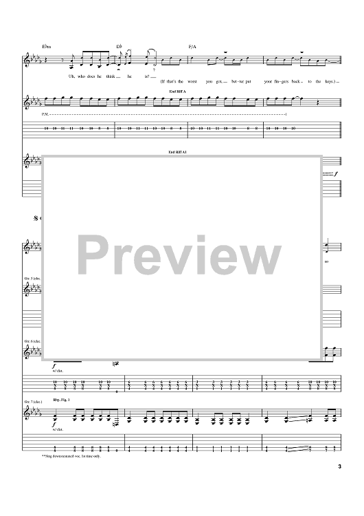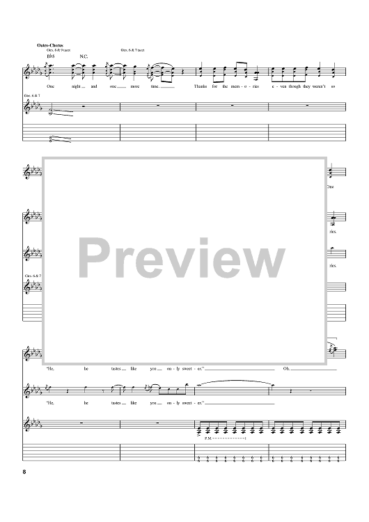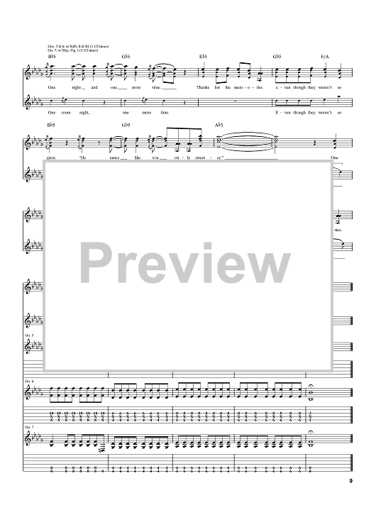 Digital Sheet Music for Thnks Fr Th Mmrs by Patrick Stump, Peter Wentz, Andrew John Hurley, Joseph Trohman, Fall Out Boy scored for Guitar Tab; id:401461
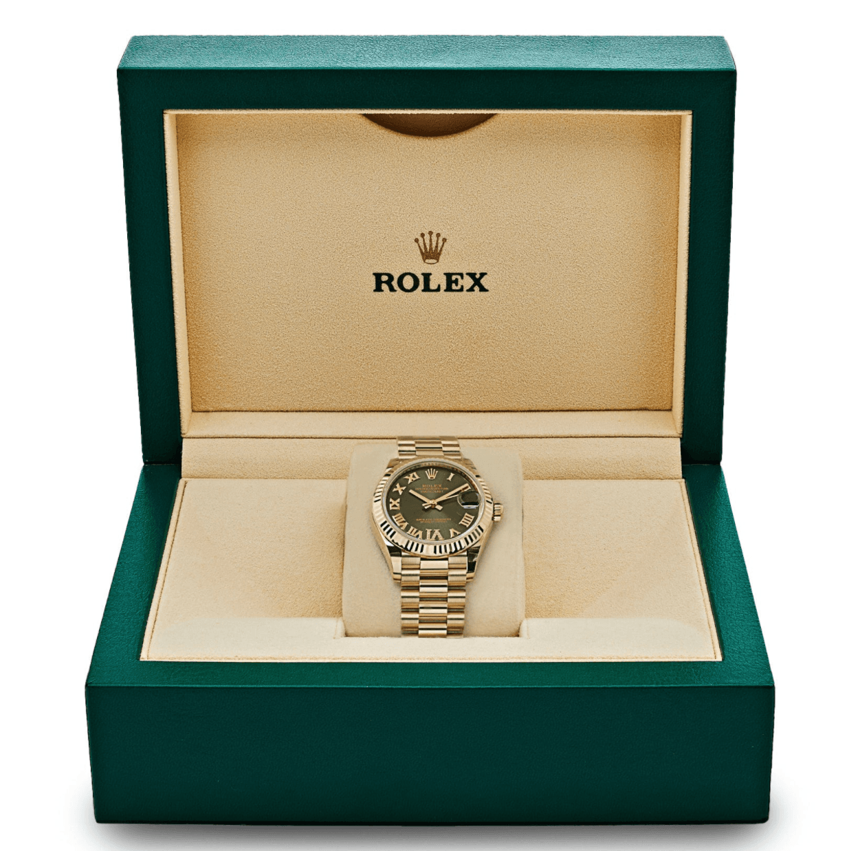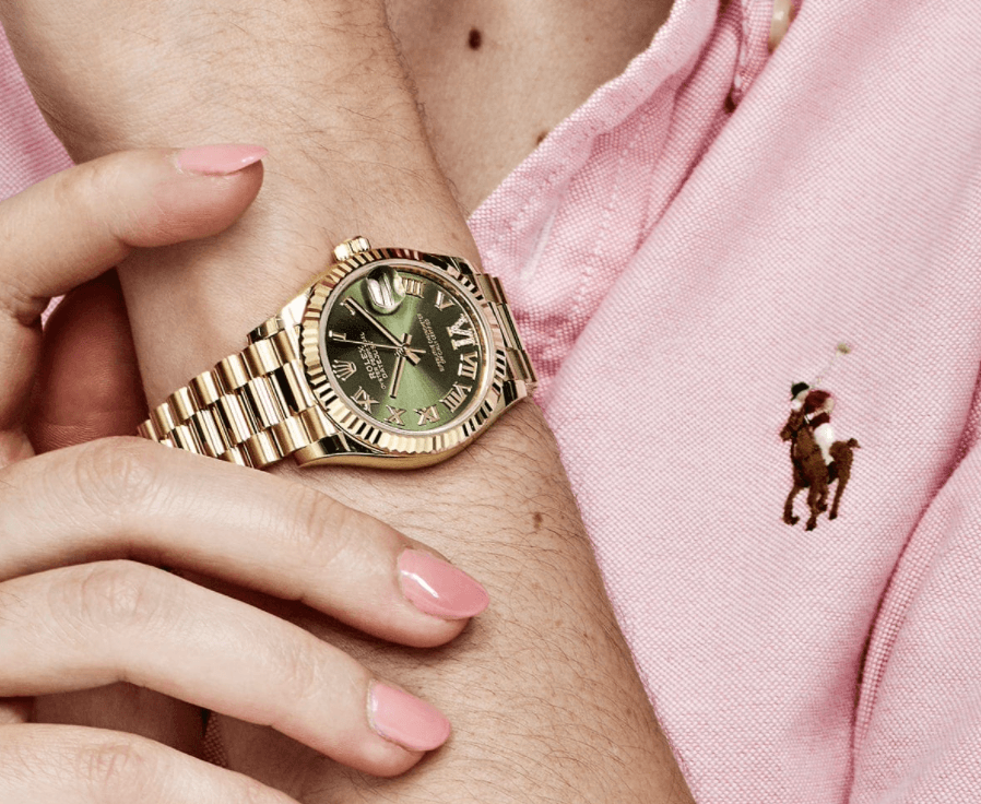 Date just ladies yellow gold diamond green dial 31mm
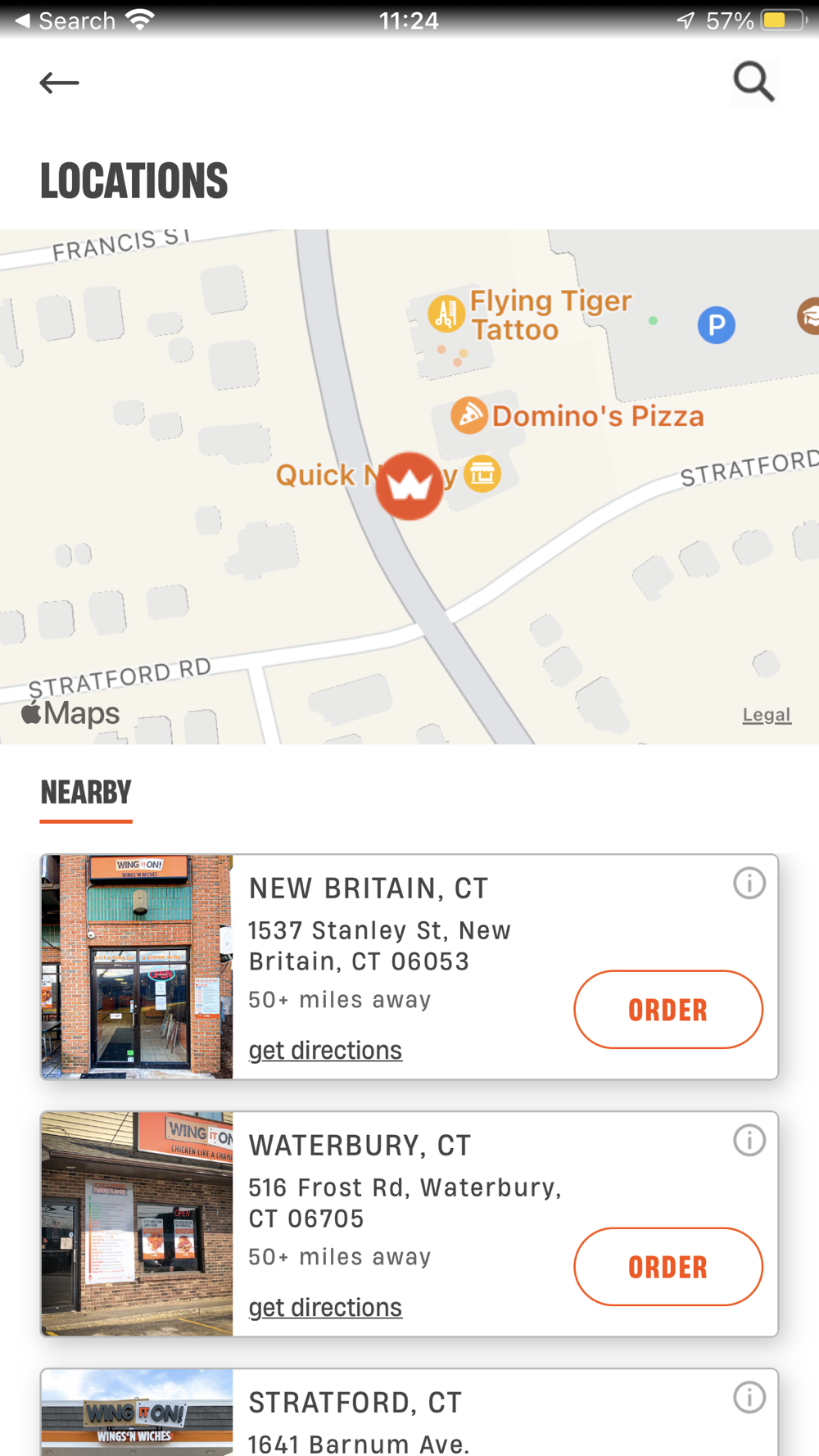 Use the Store Locator to get directions, call ahead, or view your distance from the nearest Wing It On!

Exercise objective: Write out the listing above again, exactly, but with no pictures in the copy.

Solution for this exercise:
 Digital Sheet Music for Thnks Fr Th Mmrs by Patrick Stump, Peter Wentz, Andrew John Hurley, Joseph Trohman, Fall Out Boy scored for Guitar Tab; id:401461
 Date just ladies yellow gold diamond green dial 31mm
 Use the Store Locator to get directions, call ahead, or view your distance from the nearest Wing It On!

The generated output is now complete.